Benjamin Choi & His Invention

  On Ira Flatow’s Science Friday podcast, Benjamin Choi was interviewed this week.

   This amazing young man will enter Harvard this Fall.

    Flatow observed:  “Artificial limb technology has come a long way since the first prosthetic—a big toe made of wood and leather developed in ancient Egypt.   Today’s cutting-edge robotic limbs use mind-control and even give users a sense of touch, helping them feel sensations like a warm cup of coffee or a mushy banana. Still, these state-of-the-art prosthetics often involve invasive brain surgeries and can be exorbitantly expensive.   Hearing of these issues, one teenager set out to create a solution. Seventeen-year-old Benjamin Choi has developed a non-invasive, affordable prosthetic arm. His Star Wars-inspired technology reads a user’s mind with only two sensors—one on the forehead and the other clipped to the earlobe. And he doesn’t plan on stopping there. He sees his work in artificial intelligence expanding to help ALS patients, wheelchair users, and beyond.”

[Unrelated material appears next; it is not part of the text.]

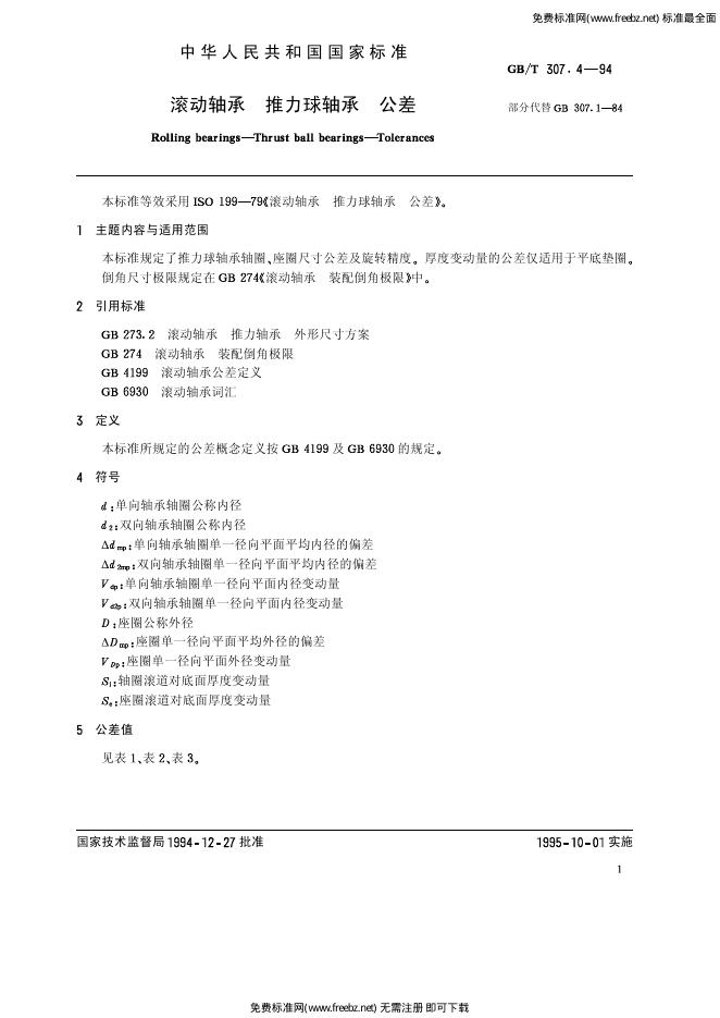 GB/T 307.1-1994 滚动轴承 向心轴承 公差

   So what exactly is the advantage of Choi’s prosthesis?   Today prosthetic arms exist that are moved and operated by the brain. But this involves brain surgery, to insert electrodes in just the right spot.  Expensive, a bit risky.

    Choi had a different approach.  He places an electrode on the forehead, externally. No surgery. Then he prepared an artificial intelligence algorithm (!) that reads the massive brain signals and interprets which are directed toward moving the arms and fingers.  It is 95% accurate, he observes.  Because it learns, and learns quickly.  And this electrode communicates with the prosthetic arm and moves it. 

    Choi already has some funding from a hi-tech firm.  He is seeking more.  I look forward to tracking his career and observing how he changes the world.